В апреле 1896 года Станиславский дает пространное интервью Николаю Ефимовичу Эфросу, где излагает не просто мечтания, но проекты и возможности создания нового театра в Москве. Он говорит о том, что главная трудность состоит даже не в деньгах, а в организации всех сторон жизни будущего театра. Говорит прежде всего о значении дисциплины, об ответственности, о сознании серьезности общего дела. Прикидывает, что начинать нужно в маленьком театре, где на практике будут подготовлены рабочие и костюмеры, декораторы и бутафоры, а прежде всего, конечно, актеры. В реальной работе установится «общий тон», естественно образуется репертуар, — тогда можно будет перенести спектакли на большую сцену, открыть мечтаемый Общедоступный театр. Не для друзей, посещавших дом Алексеевых, не для членов Общества, участников «семейных вечеров» Охотничьего клуба, но для самой широкой, самой разнообразной публики. Станиславский присматривается к театру «Эрмитаж», которым владеет купец Щукин, — не подойдет ли это помещение для грядущего театра? И когда Лентовский приглашает Станиславского для постановки «Ганнеле» — тот смотрит на своего бывшего кумира, на великолепного организатора народных зрелищ как на возможного сотоварища по созданию нового, Общедоступного театра. Но маститый «маг и чародей» посмел явиться на репетицию нетрезвым! Этого для Станиславского вполне довольно, чтобы написать письмо достаточно корректное по форме и достаточно категоричное по содержанию:
«Многоуважаемый Михаил Валентинович!
После вчерашней репетиции я считаю своей обязанностью заблаговременно, для избежания всяких недоразумений предупредить Вас и Христофора Иосифовича о нижеследующем. Если я, забывая серьезную болезнь жены и дочери, приношу свой посильный труд Вашему новому театру, то я делаю это ради создания серьезного дела, которое и служит мне оправданием в глазах семьи. Однако, если Вы, в свою очередь, инициатор и душа Вашего театра, не захотите принести ему маленькой жертвы, — конечно, ничего из наших стараний и хлопот не выйдет. Ввиду сказанного позвольте мне сохранить за собой право, на случай повторения такой репетиции, как вчера, удалиться из театра до окончания репетиции и совершенно устраниться от всякого участия в постановке „Ганнеле“, сняв свое имя и имя Общества с афиши».
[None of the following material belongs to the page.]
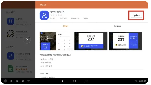 3. 업데이트하고자하는 앱을 검색해주시고, 업데이트 버튼을 클릭해 주시기 바랍니다.
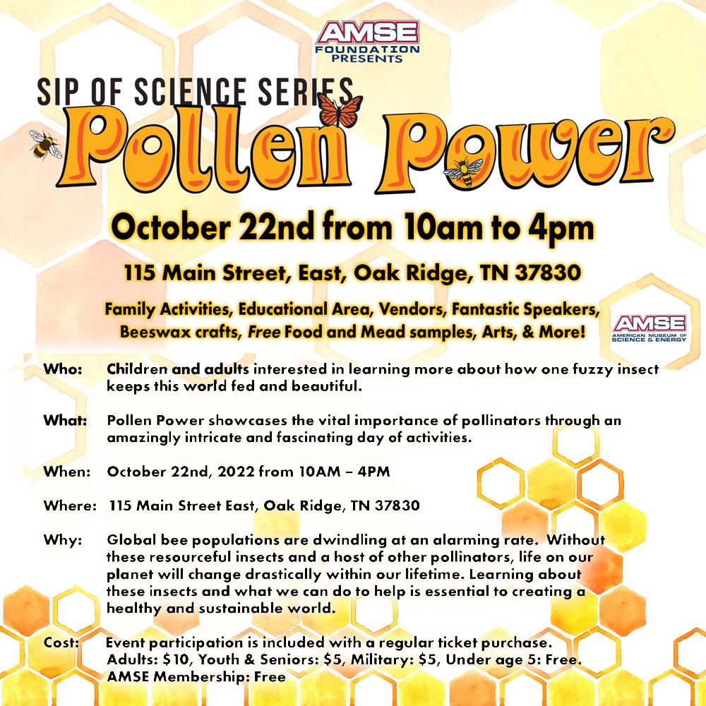 Introducing our recurring Sip of Science series which this time is all about Pollen Power. Showcasing one of the world’s most valuable and endangered class of animals: Pollinators! We will feature fantastic hands-on activities for all ages, guest speakers, vendors, foods, a few surprises, and so much more all designed to expand awareness of the amazing little critters that are responsible for nearly one third of the planet's food supply! | |

Лентовский отвечает незамедлительным, почти заискивающим письмом:
«Уважаемый Константин Сергеевич! Я понял все и сознаю мою виновность, будьте уверены — вчерашнее не повторится. Прошу меня извинить, если я не найду удобным быть на сегодняшней репетиции. Электротехник и декораторы мной вызваны к 9 часам в Ваше распоряжение. Искренно меня извините».
Лентовский смотрит на Станиславского снизу вверх — и буквально, так как он ниже ростом, и фигурально — прошло время, когда юный Алексеев с замиранием сердца входил в феерический «Эрмитаж» Лентовского; жизнь «мага и чародея» семидесятых-восьмидесятых годов идет под уклон — постаревший, опустившийся, он следит за взлетом молодого Станиславского.
Другой возможный соратник по созданию будущего театра, Савва Иванович Мамонтов, столь чуткий к художественным начинаниям, столь щедрый в помощи им, одержим своей Частной оперой, работой с великолепными художниками, репетициями «Феденьки» — молодого Шаляпина.
Мечтают о новом театре, об избавлении от «семейных вечеров» старый учитель чистописания Артем, молодой московский делец Лужский, энергичный Санин, «готическая актриса» Андреева — вся любительская драматическая труппа, сплоченная Станиславским, верящая в него неколебимо.